There was no mention of the word illegitimate, and the remarks were certainly not damning and inflammatory. We do not think that these remarks were so prejudicial as to require reversal. See Goddard v. State, 1940, 143 Fla. 28, 196 So. 596, and Tribue v. State, Fla.App.1958, 106 So.2d 630.

Point 4. Defendant claims that his motion to suppress the evidence should have been granted on the ground that it was acquired as a result of an unlawful arrest, search and seizure. He contends that the arrest was made without probable cause and without a warrant.

The arresting officer, Primus Killen, testified that he had been informed of the crime by his check-on sergeant, and that there was a “pick-up” on Jesse Brown. He did not have an arrest warrant at the time of the arrest and did not know whether a warrant had been issued for Jesse Brown. He knew Jesse Brown beforehand so he knew who he was looking for. He arrested Jesse Brown, for rape, on the street at 8th Avenue and 23rd Street between 12:00 and 1:00 o’clock, or shortly after midnight, on the morning of January 13, 1967, the day after the incident.

It is clear from the evidence that Officer Killen had reasonable ground to believe that a felony had been committed and reasonable ground to believe that the person to be arrested had committed it.

Defendant cites Carter v. State, Fla.App.1967, 199 So.2d 324, to support his contention that the officer had reasonable time to obtain an arrest warrant. In that case this Court said:

“Where an arrest or search is made by an officer without a warrant, the State must be prepared to show * * * that the officer or officers had no reasonable opportunity to previously apply for and be issued an arrest or search warrant; otherwise the evidence as to the fruits of the search goes out.”

But the Court went on to say:

“Bear in mind, we say ‘no reasonable opportunity to previously apply’ for such warrant. This still leaves the way open for an arrest or search absent a warrant where the exigencies of the situation render it impossible or reasonably impracticable to apply for the warrant.”

The evidence in the case sub judice shows that the arresting officer did not have a reasonable opportunity at that time of night to locate a magistrate or judicial officer and have an arrest warrant issued by him. See Casso v. State, Fla.App.1966, 182 So.2d 252, 256. Jesse Brown was apprehended on the street, not in his home, around midnight, and the arresting officer had no assurance that he could locate Jesse Brown again if he went in search of a magistrate or judicial officer.

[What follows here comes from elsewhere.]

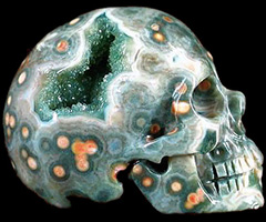 Geode Huge 5.0" Ocean Jasper Carved Crystal Skull, Realistic, Crystal Healing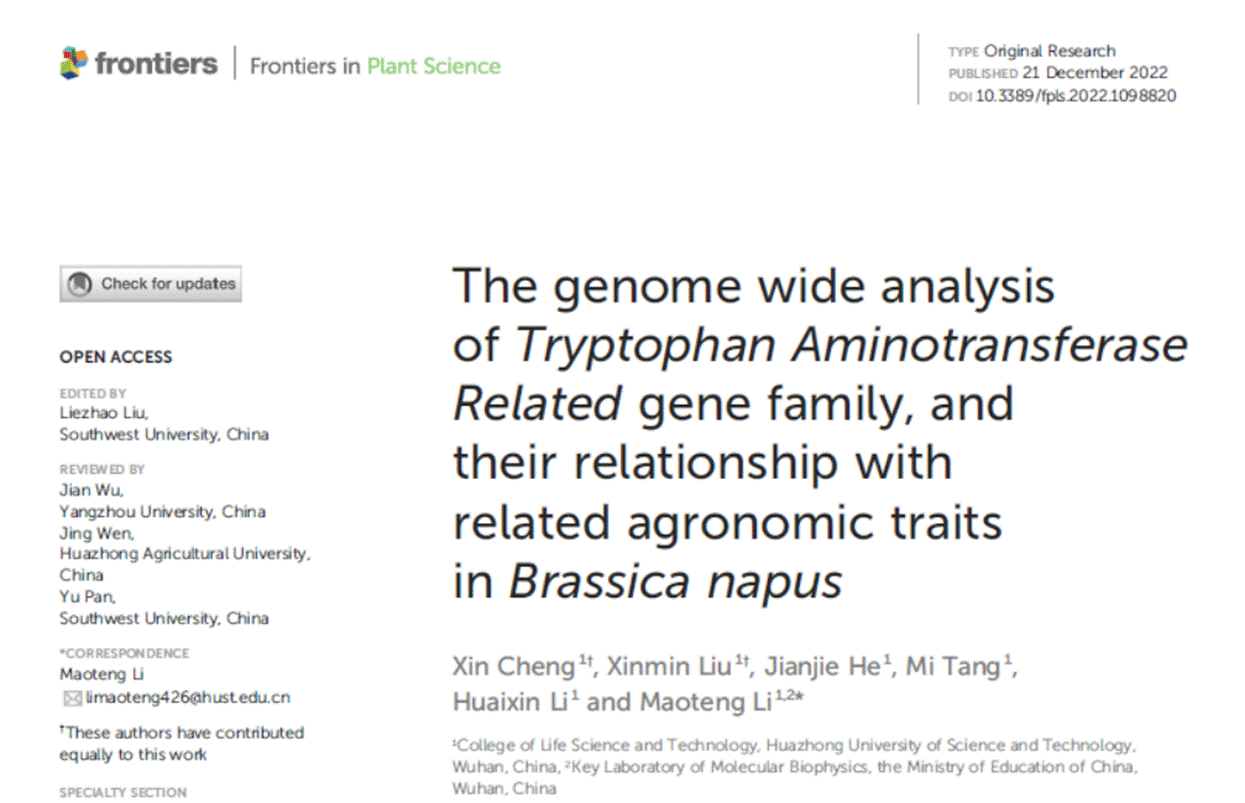 无独有偶,这已不是必威西汉姆联官网这一首届试点班级的本科生第一次取得SCI第一作者的科研成果。2022年12月21日, JCR一区中科院植物科学类1区国际学术期刊Frontiers in plant science发表论文The genome wide analysis of Tryptophan Aminotransferase Related gene family, and their relationship with related agronomic traits in Brassica napus,论文两位第一作者程鑫、刘心敏与张皓鸿一样,也是登峰计划1901班的本科生。他们选择的是生物技术专业方向。这篇论文中,他们在生物技术系主任栗茂腾教授指导下对甘蓝型油菜中TAA1/TAR基因家族进行了多维度分析,并进一步分析了其生物学功能,对于甘蓝型油菜中TAA1/TAR基因家族的功能解析有重要意义。

The question of whether an arrest is valid so as to support an incidental search is a mixed question of law and fact for the Court to determine. Brown v. State, Fla.1950, 46 So.2d 479; Urso v. State, Fla.*182App.1961, 134 So.2d 810; Diaz v. State, Fla.App.1965, 181 So.2d 351; Casso v. State, supra; Echols v. State, Fla.App.1967, 201 So.2d 89.

As an incident to an arrest made under these conditions, it is the power and the duty of the arresting officer to search the person so arrested and seize anything found on his person or in his possession or control tending to show that the person is guilty of a violation of a law. See Brown v. State, supra; Casso v. State, supra; Bozeman v. State, Fla.App.1958, 102 So.2d 648.

We hold that the trial Judge was correct in denying the objections to admission, into evidence of Jesse Brown’s clothing. See also Porter v. State, Fla.App.1968, 214 So.2d 73.

The judgment appealed from is affirmed.

LILES, Acting C. J., and PIERCE and MANN, JJ., concur.